» PROBLEM DESCRIPTION
The required output is the exact run of lines from the one bearing "474 km Ridden$3,049 Raised2025" through the final line of the listing below, with the pictures removed.

» DATA EXTRACT
■ ■ ■ ■

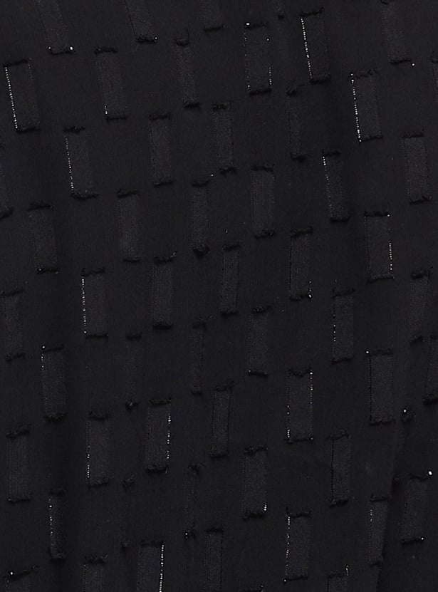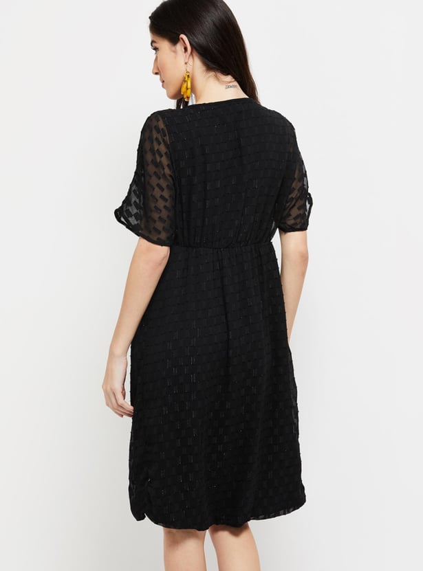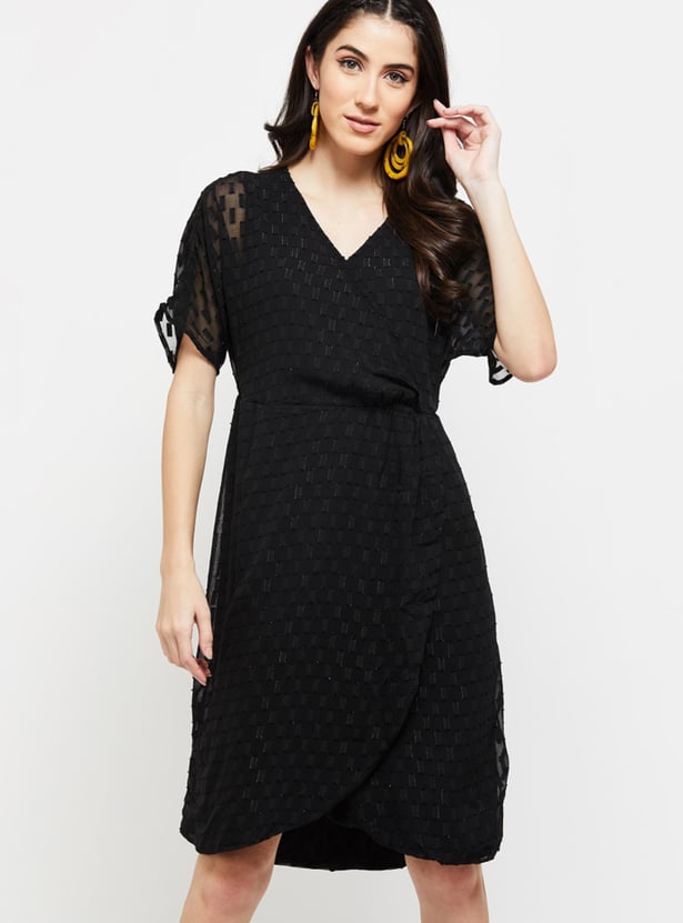 Women Shimmery Textured Surplice Neck Wrap Dress
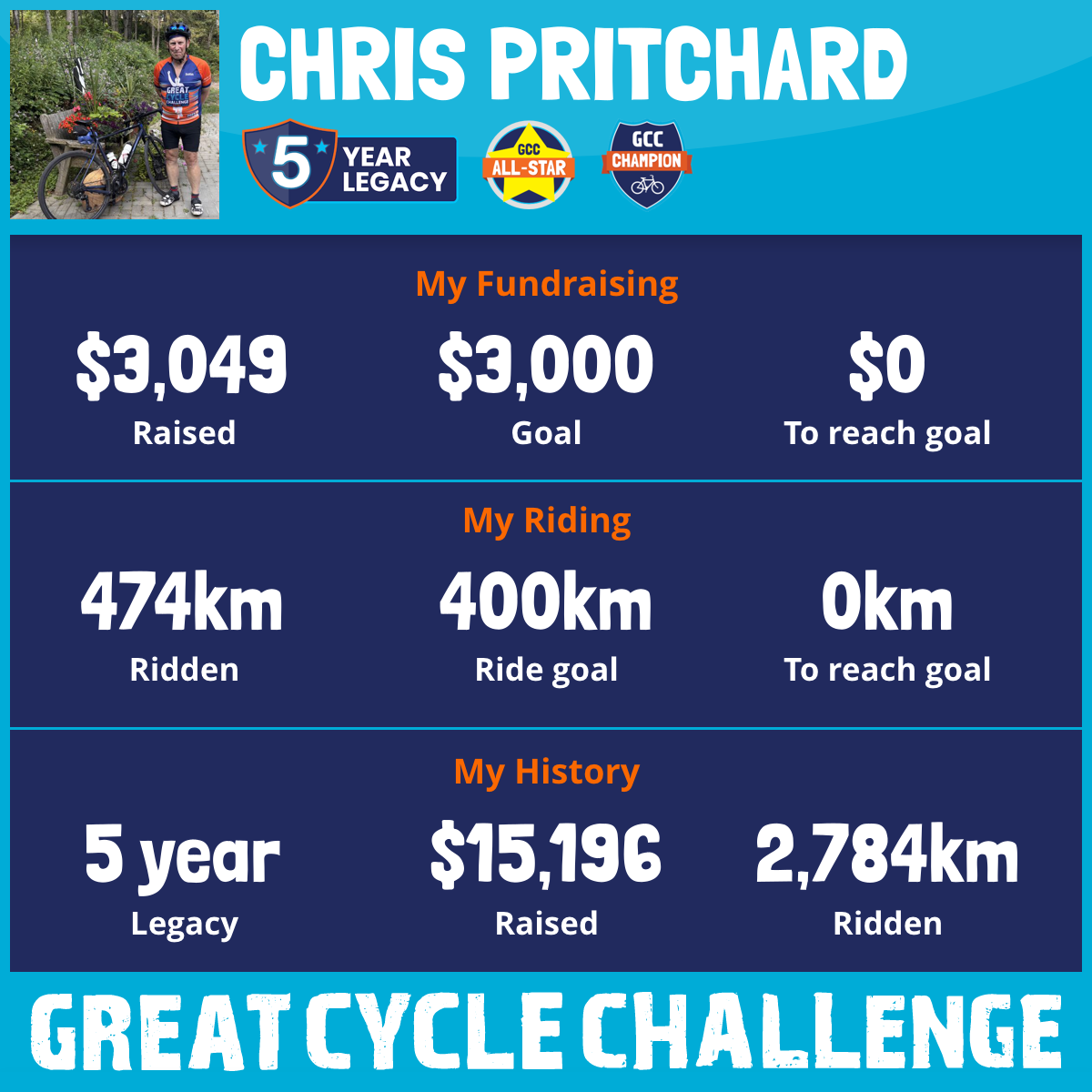 474 km Ridden$3,049 Raised2025
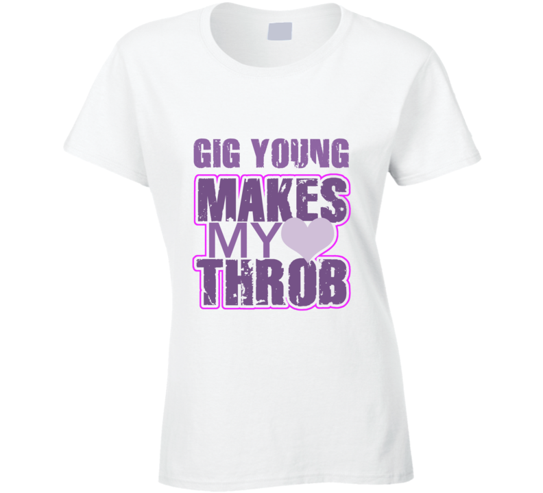 Order your very own Gig Young Makes My Heart Throb Funny Sexy Ladies Trending Fan T Shirt. It won’t be around forever so buy yours here today! Shop our huge selection of high quality, graphic apparel. Each design is offered on a variety of sizes and styles including; t shirts, hoodies, aprons and even baby one-pieces! This product is pre-treated to ensure quality and longevity of the graphic.

■ ■ ■ ■

» WRITTEN SOLUTION
 474 km Ridden$3,049 Raised2025
 Order your very own Gig Young Makes My Heart Throb Funny Sexy Ladies Trending Fan T Shirt. It won’t be around forever so buy yours here today! Shop our huge selection of high quality, graphic apparel. Each design is offered on a variety of sizes and styles including; t shirts, hoodies, aprons and even baby one-pieces! This product is pre-treated to ensure quality and longevity of the graphic.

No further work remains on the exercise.